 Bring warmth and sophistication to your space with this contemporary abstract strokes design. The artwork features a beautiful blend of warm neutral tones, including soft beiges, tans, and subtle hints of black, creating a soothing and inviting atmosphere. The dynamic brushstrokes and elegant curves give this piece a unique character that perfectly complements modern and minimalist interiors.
--
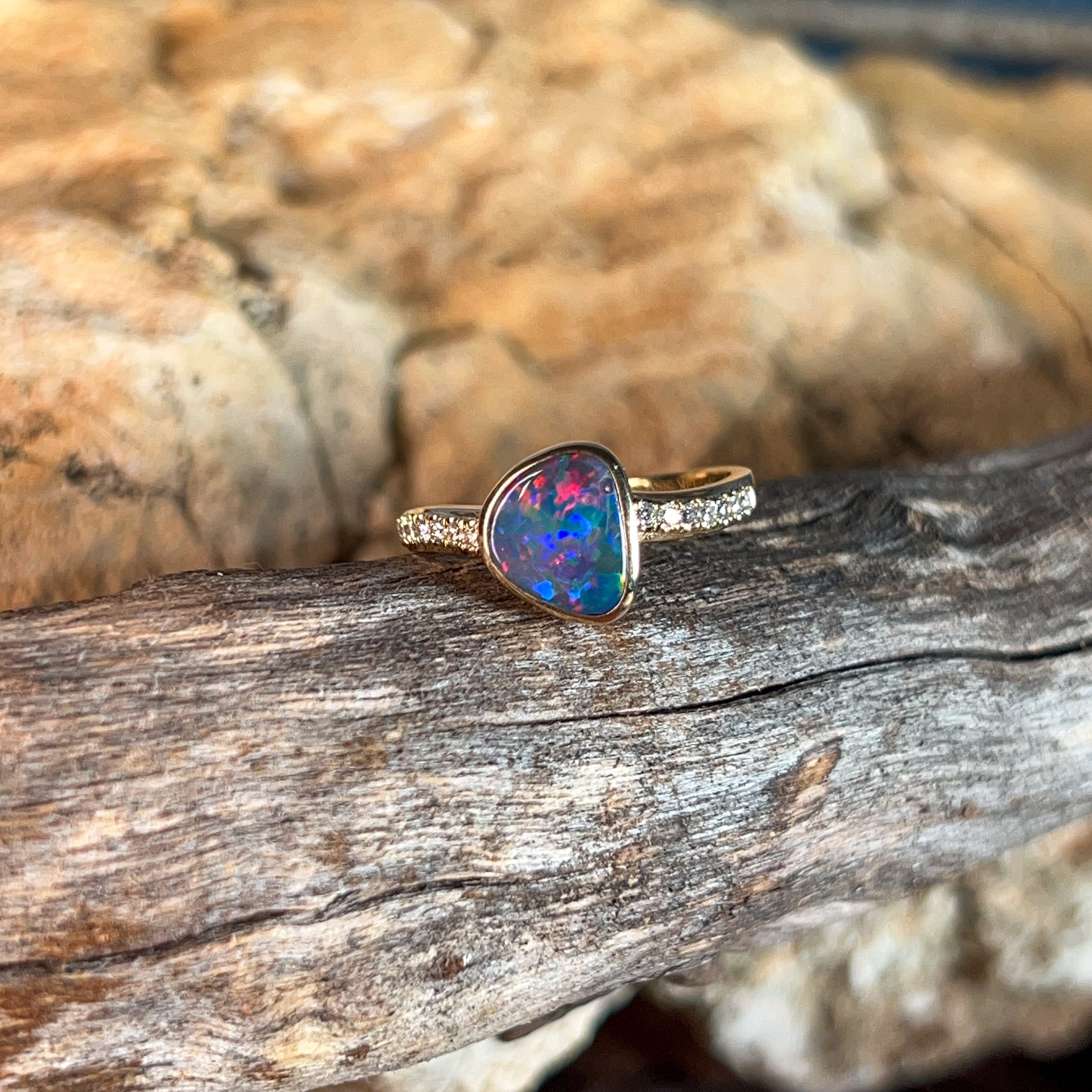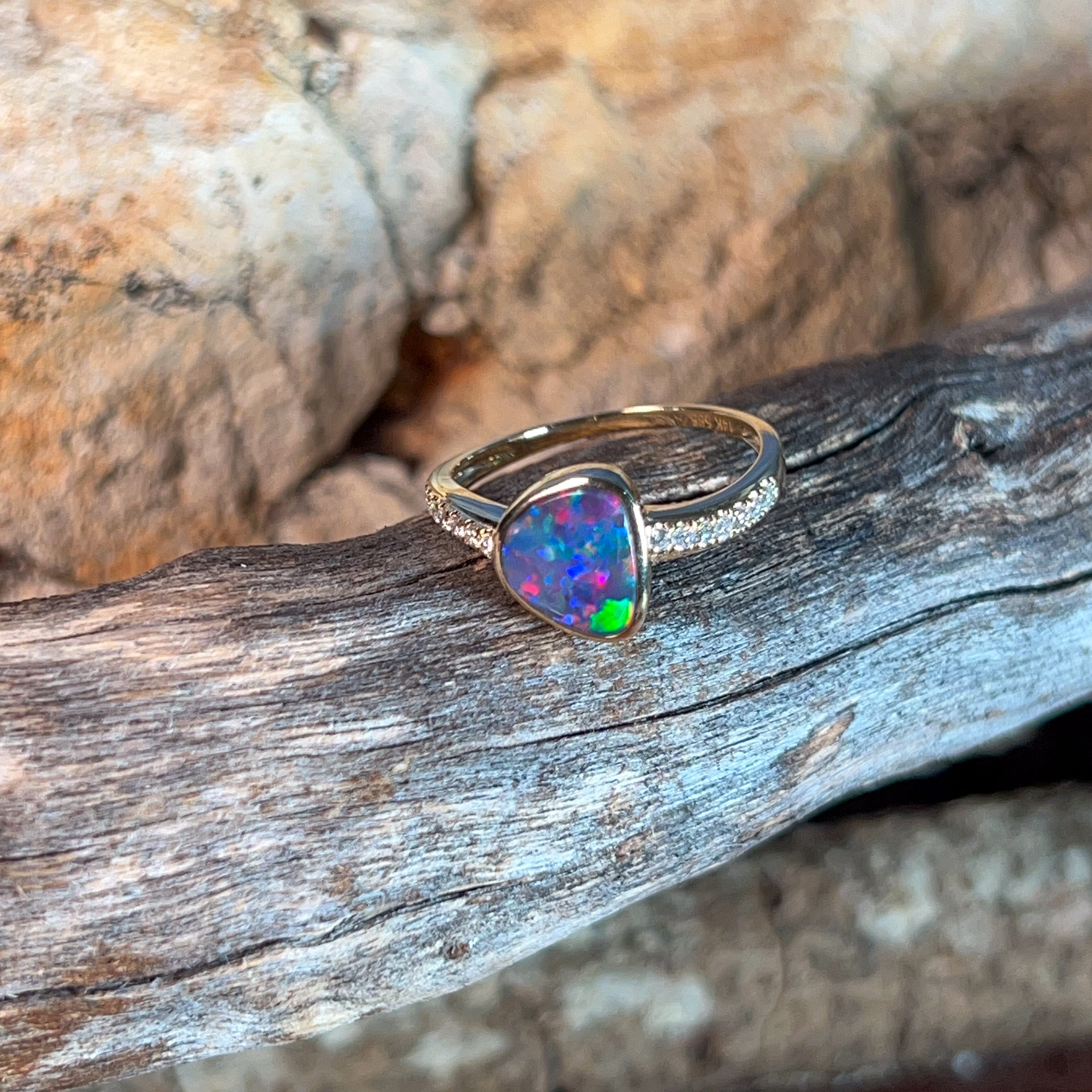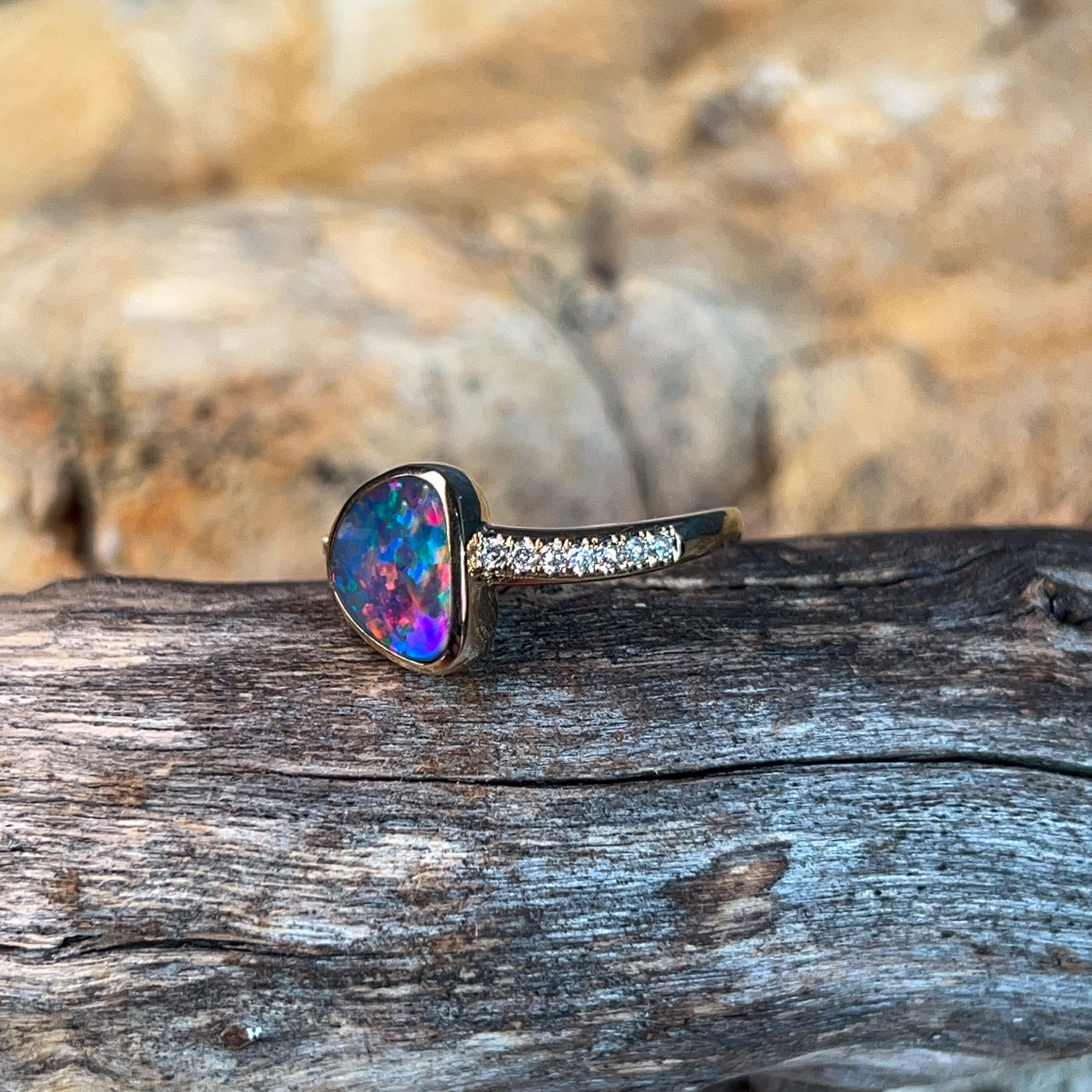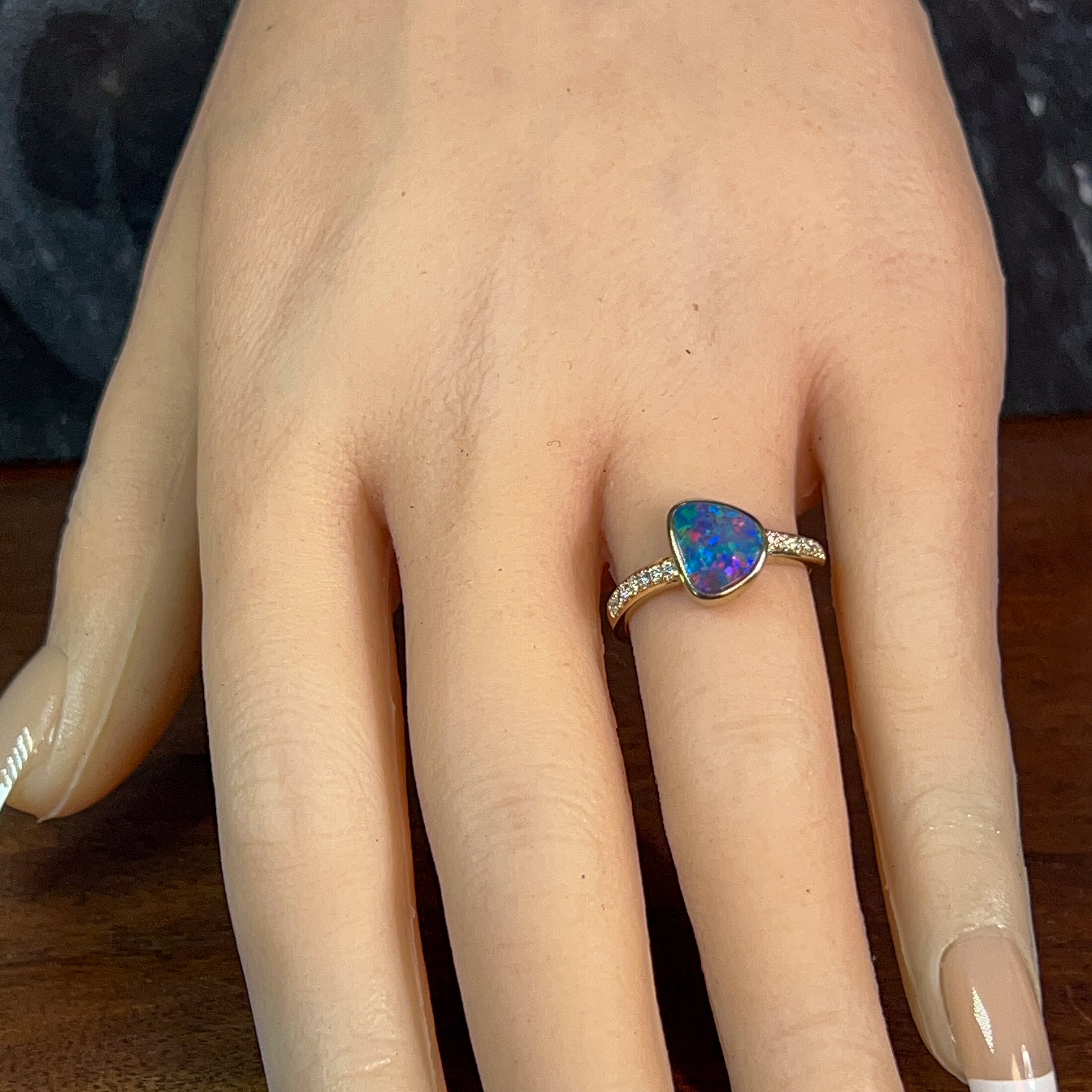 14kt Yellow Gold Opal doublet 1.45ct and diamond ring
...
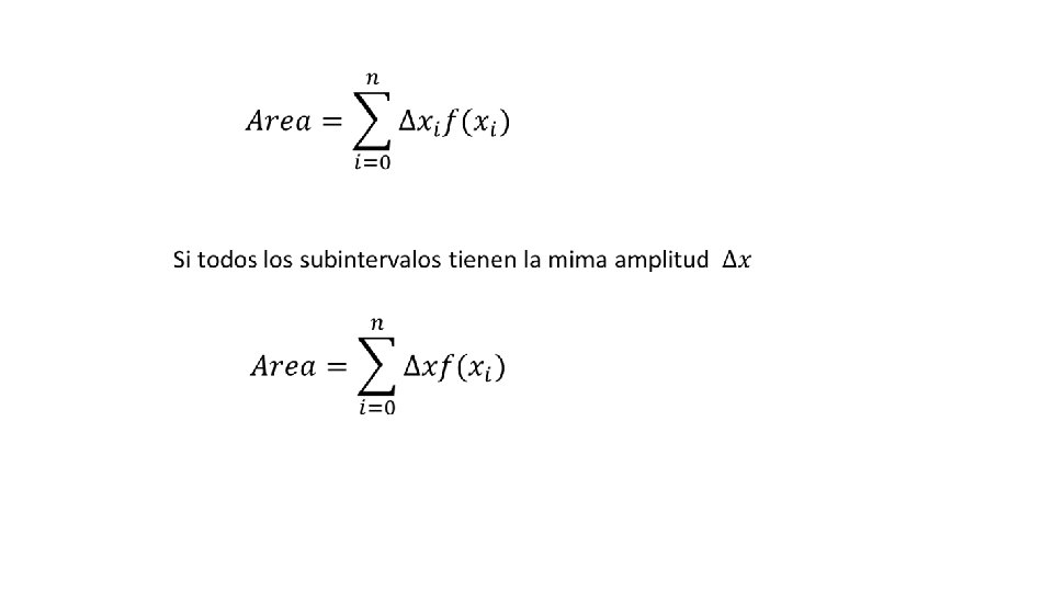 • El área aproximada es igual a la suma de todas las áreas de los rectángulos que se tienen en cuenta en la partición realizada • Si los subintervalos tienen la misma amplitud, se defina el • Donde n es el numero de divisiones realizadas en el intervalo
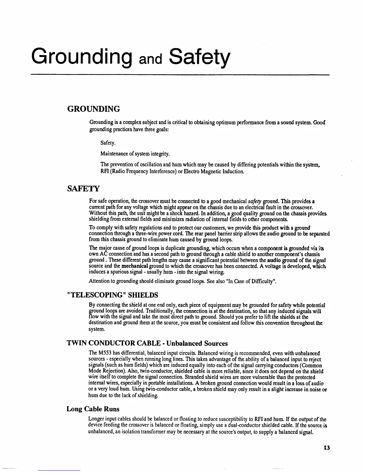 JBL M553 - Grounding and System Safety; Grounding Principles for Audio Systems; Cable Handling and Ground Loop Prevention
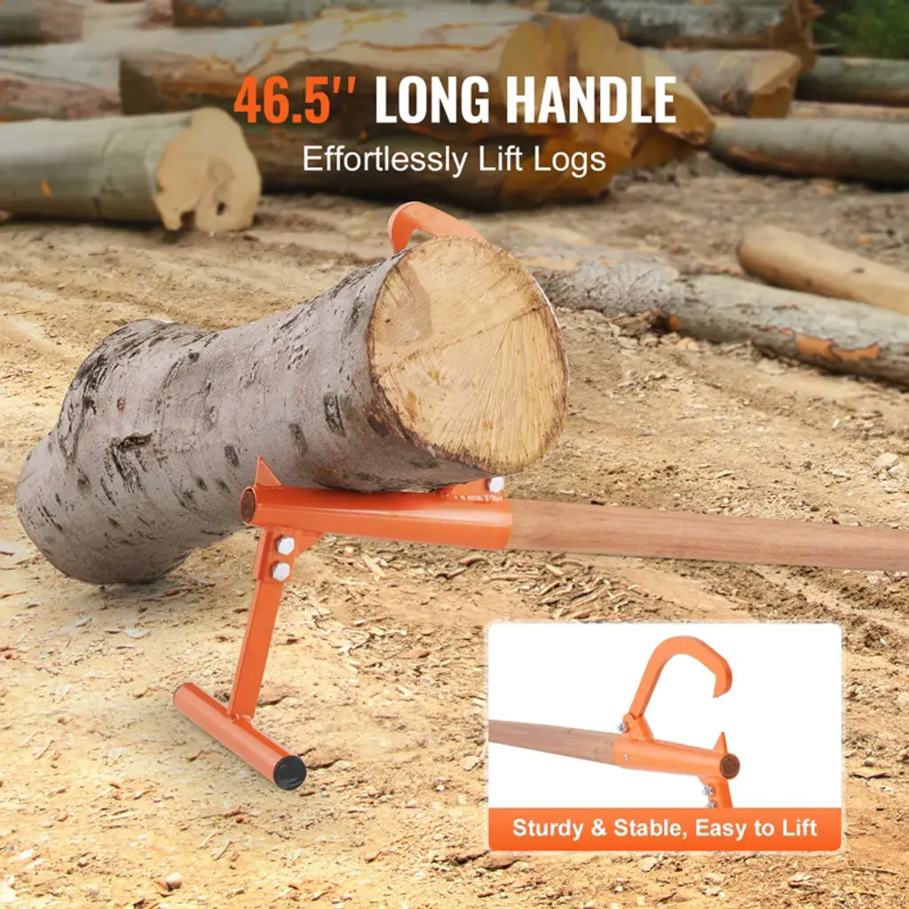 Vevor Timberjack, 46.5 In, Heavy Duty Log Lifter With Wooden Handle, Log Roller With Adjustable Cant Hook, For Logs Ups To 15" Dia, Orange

- What is expected -
Extract the part of the records that opens with the line containing "en el intervalo" and closes with the line containing "Vevor Timberjack, 46.5". Take only those lines, exactly, and no pictures.

- Exercise result -
 • El área aproximada es igual a la suma de todas las áreas de los rectángulos que se tienen en cuenta en la partición realizada • Si los subintervalos tienen la misma amplitud, se defina el • Donde n es el numero de divisiones realizadas en el intervalo
 JBL M553 - Grounding and System Safety; Grounding Principles for Audio Systems; Cable Handling and Ground Loop Prevention
 Vevor Timberjack, 46.5 In, Heavy Duty Log Lifter With Wooden Handle, Log Roller With Adjustable Cant Hook, For Logs Ups To 15" Dia, Orange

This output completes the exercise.